Едва я пришла на вечеринку, мне стало ясно, что приходить было не надо. Из близких моих подружек была только одна, не самая любимая. Двум другим я все время говорила, что, наверное, не приду. Не объясняла, конечно, что из-за денег, а что будет скучно, игры какие-то дурацкие, да еще с училкой. Вот они и не пришли. А я приперлась, как дура. И все там было именно так, как я говорила подругам. Скучно, по-школьному, чего-то там пели, чего-то скакали, учительница все время руководила и делала вид, что ужасно веселится… и все якобы тоже веселились до упаду. А мне было не только не весело, а досадно и даже грустно. И зачем только я украла Марусины деньги! И даже мешочек обратно еще не положила! И ради чего? Ради вот этого? Ради несчастных пирожных, которые дадут к чаю? И я вдруг сообразила: а ведь я ничего еще тут не ела и не пила, можно попросить свои деньги обратно!
– Винер, ты что опять выдумываешь? – учительница выпучила на меня глаза, не успев скинуть с лица веселую улыбку. – Что значит, обратно?
– Я хочу уйти, отдайте мне, пожалуйста, мои деньги.
– Куда уйти, зачем уйти? Никуда не пойдешь! Смотри, как всем весело!
– А мне скучно. Я хочу уйти, верните мне мои деньги. Я ничего здесь не ела.
– Где я тебе возьму твои деньги? Из своего кармана?

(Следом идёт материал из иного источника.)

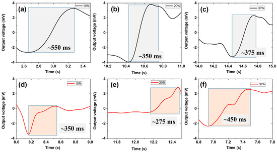 Among them, the type of mechanical response refers to the immediate, reversible deformation to external stimuli. Moreover, filled rubber composites generally exhibit viscoelastic behavior [58]. This behavior results from time-dependent deformation that includes both elastic and viscous components, leading to hysteresis and energy dissipation. However, the response rate studied in this work is related to electromechanical features, i.e., the influence of the output voltage against external stimuli [59]. Therefore, Figure 4a–c show the response times of composites filled with 6 phr of TiC under increasing strain of 10–30%. The results agree with the electromechanical results in Figure 3. For example, the response time was shortest at 20% compressive strain, as expected. This feature is proposed to be due to the optimum packing fraction of the filler particles at this strain [42]. These values further show that our results are consistent with each other. The mechanism behind these electromechanical responses refers to the generation of an electric charge in response to mechanical deformation [59]. Moreover, the process also involves the ability of the composite material to store or dissipate electrical energy in the form of an output voltage. Various factors affect the response time, and the type of filler is one of the most crucial factors [60]. The material type is well known to alter the response time by changing the composite’s mechanical and electrical properties.

– Зачем из кармана, я ведь принесла.
– Вспомнила! Деньги все потрачены, для вашего же удовольствия.
– Но для меня не удовольствие… отдайте…
– Иди, Винер, не мешай мне. Иди вон, играй вместе со всеми!
Но я все равно ушла, хоть и без денег. И решила немедленно положить мешочек на место.
Однако положить не удалось. Дома я застала неожиданную и непривычную сцену. Маруся, горько рыдая, сидела на своей кровати, а рядом сидела мама и обнимала ее. Она гладила Марусю по голове и повторяла ласково:
– Не надо, Маруся, не убивайтесь так! Они найдутся.
– Ва-ва… Васенька! – сквозь слезы бормотала Маруся.
– Мы найдем их, найдем, вот увидите.
– Приедет завтра мой Ва… ох… Васенька, а у меня и нет ничего…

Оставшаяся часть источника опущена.